Егоров доел последний огурчик и поднялся.

– Спасибо вам, Анастасия Александровна. Ещё раз прошу прощения за то, что так вас донимал. Честно говоря, просто стало любопытно, зачем к нам прилетела такая столичная птица.

– Узнали?

– Нет. Птица пела, да как-то всё о другом. Всего вам доброго, госпожа Шахова.

– И вам не хворать.

Я проводила следователя до калитки и закинула в петлю крючок.

– Собаку вам надо завести, – сказал вдруг Егоров.

– Суточные дежурства, – напомнила я.

– Да, я и забыл… Ну, прощайте.

«Не кажи гоп!», подумала я, поворачиваясь, когда снова услышала за спиной тот же голос. Красивый, кстати, голос, такой бархатный и с хрипотцой.

– А перепутать его ни с кем не могли?

– Бухвостова? С чего бы это? – удивилась я.

– Темно ж ещё было!

– Нет, хмарь стояла, предутренние сумерки. Но я траву собирала, и легко отличала одно растение от другого, значит, света было достаточно.

– Понятно…

И Пётр Григорьевич Егоров пошёл к машине.

Часть 2

Подполковник

Дежурить мне предстояло второго мая – то еще удовольствие, говоря честно. Накануне, в праздничный день, народ использовал возможность повеселиться от души. Шло веселье обычно по накатанной программе: национальные напитки и угощение – напитки закончились, и храбрецы отправились на добычу новой порции – напитки добыты, употреблены, выплёскиваются из ушей – душа требует разгула и драки.

Вот результаты разгула нам и привозили поутру.

Синяки и шишки в счёт не шли, но было несколько переломов, три сотрясения, сломанная челюсть и даже два ножевых ранения. Последнее мне сильно не понравилось: просто так за холодное оружие не берутся, а учитывая недавний труп… Никто такой перспективе не обрадовался, но надо о ранениях было сообщать в полицию. Мы позвонили участковому Михаилу Матвеевичу, и машина завертелась.

Форма, размер, место нанесения обоих повреждений не совпадали с фатальным ранением лодочника, так что, слава богу, это была обычная пьяная ссора. Ну, скорее всего. Надо добавить, что наши пострадавшие были в состоянии полной невменяемости, и совершенно не помнили, кто же был на другом конце ножа.

Впрочем, это уже было не моё дело, и я занялась обычной работой.


Утром, когда я вышла в больничный двор, показалось, что мы вернулись куда-то в март. Дул пронизывающий ветер, тучи неслись с такой скоростью, словно за ними гнались небесные волки. Дождь, видимо, вот только что закончился, и я порадовалась, что приехала на машине – распутица на нашей «набережной» возникала моментально.

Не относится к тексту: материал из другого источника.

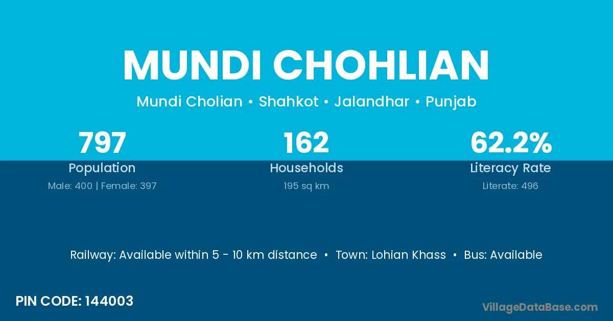 Lohian Khass is the nearest town to Mundi Chohlian village for major economic activities
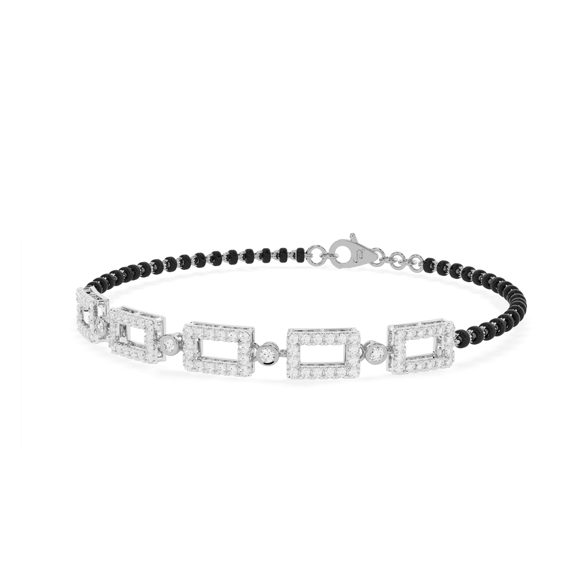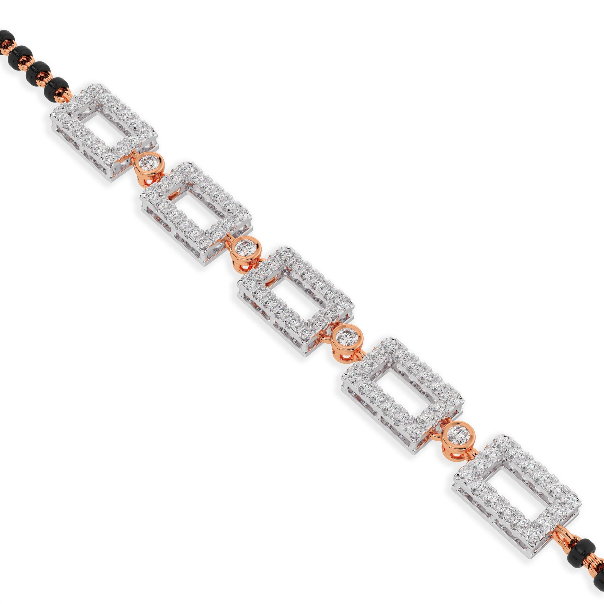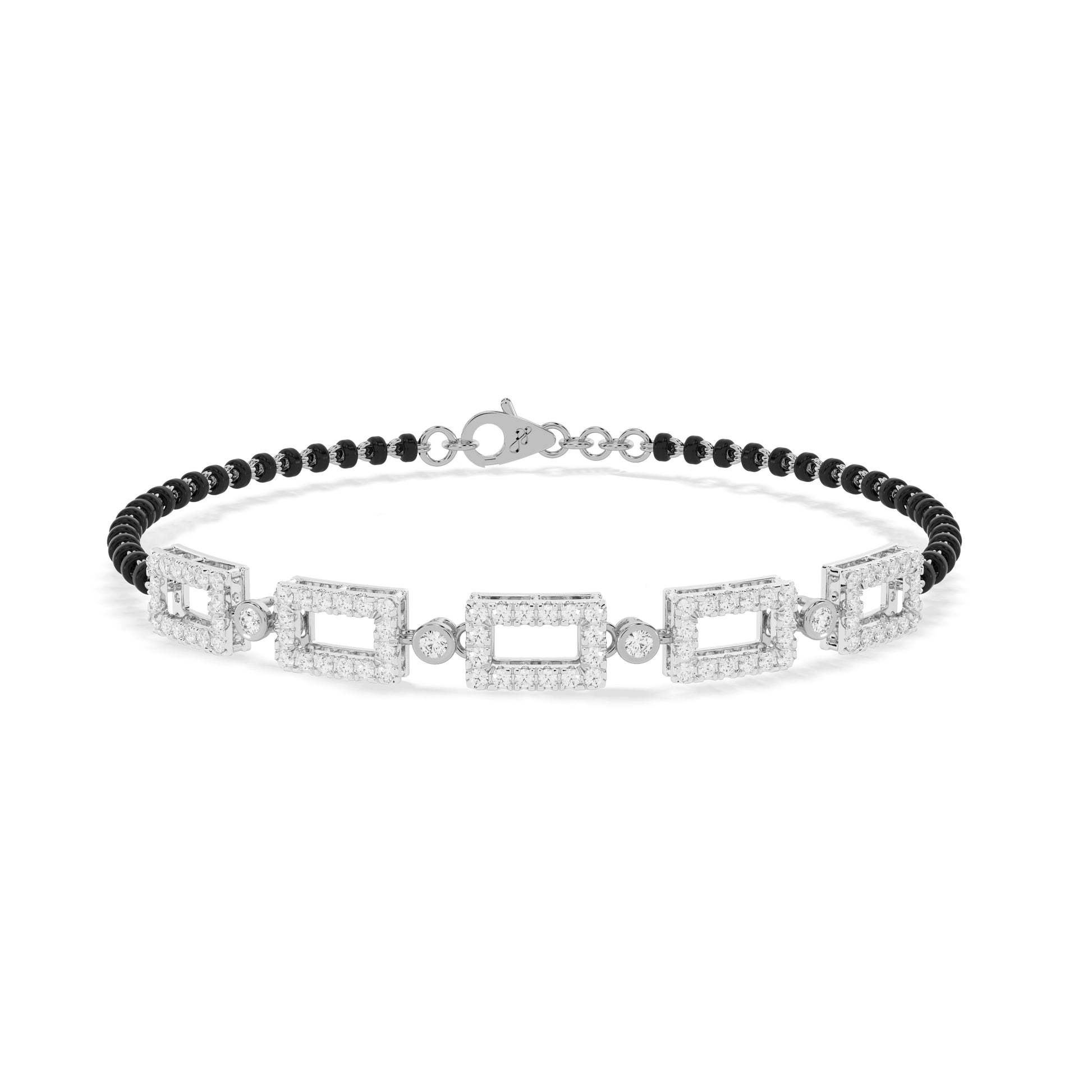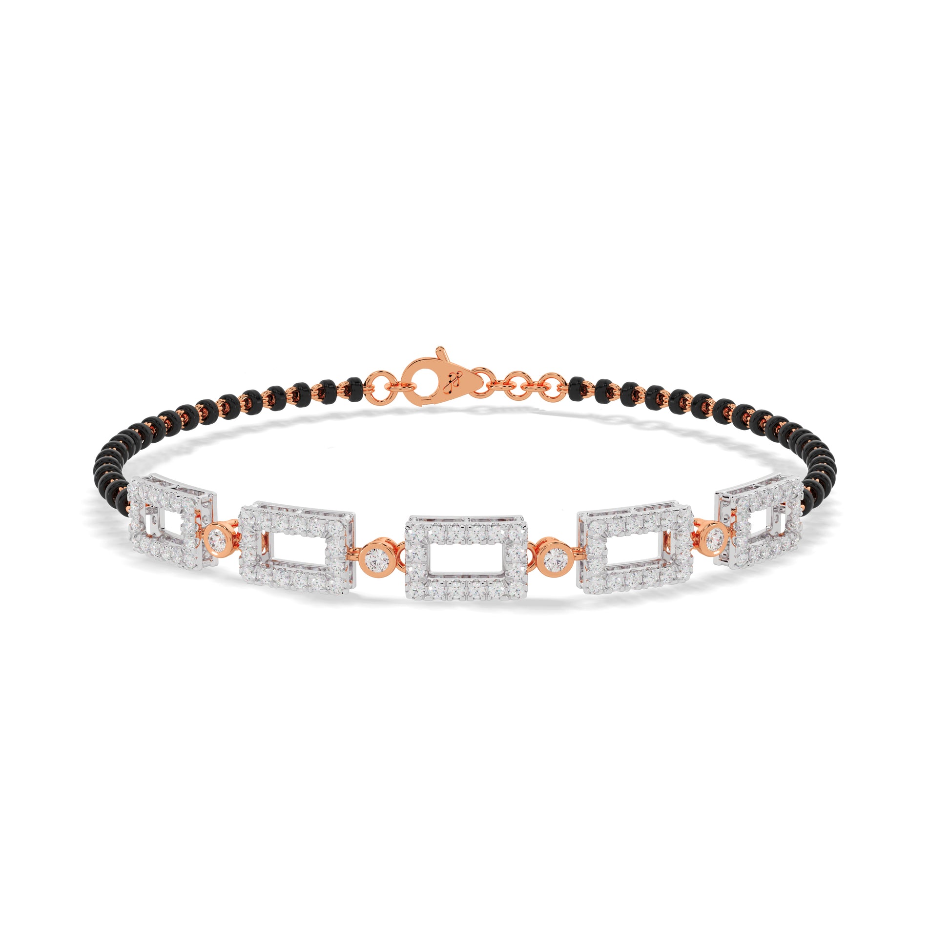 This elegant mangalsutra bracelet features rectangular diamond frames accented with delicate black beads, crafted in radiant 14-carat gold. Available in rose gold, yellow gold, and white gold, it beautifully blends tradition with contemporary design from Jewels & Jawaharat, Chandni Chowk.

По дороге я притормозила у городского парка и внимательно рассмотрела давно взятый на заметку куст черёмухи: похоже было, что она собирается вот-вот зацвести. Ну, вот вам и похолодание… Теперь хорошо бы ещё совпал момент цветения с луной хотя бы в последней четверти, и у меня будет замечательный компонент для доброго десятка смесей и настоев.

Конечно, можно собрать эти белые кисти с одуряющим запахом и просто так, хоть бы и днём, и всё равно настойка пойдёт для промывания ран и даже для лечения пролежней, а черёмуховая вода после перегонки – для примочек на глаза. Но вот цветы черёмухи, собранные в лунную ночь – это совсем, совсем другое дело…

В тетради Агнии Николаевны ясно было написано: «каждую сорванную кисть нужно хоть несколько секунд подержать под лунным светом, используя соответствующий наговор. Тогда та же настойка уже может использоваться для лечения серьёзных случаев экземы, псориаза, заживления глубоких ран, в том числе с начинающимся сепсисом»…

* * *

Черёмуха зацвела четвёртого мая.

Ночное светило вошло в последнюю четверть и, к счастью, ничем заслонено не было, тучи разошлись ещё ранним вечером. К полуночи луна поднялась достаточно высоко, и я решила, что можно отправляться на добычу.

Календарь сообщал, что освещённость составит пятьдесят пять процентов.

– Мало, конечно, – пробормотала я, всовывая ноги в резиновые сапоги. – Но всё-таки больше половины. Подержу кисти на свету не пять секунд, а десять, должно хватить.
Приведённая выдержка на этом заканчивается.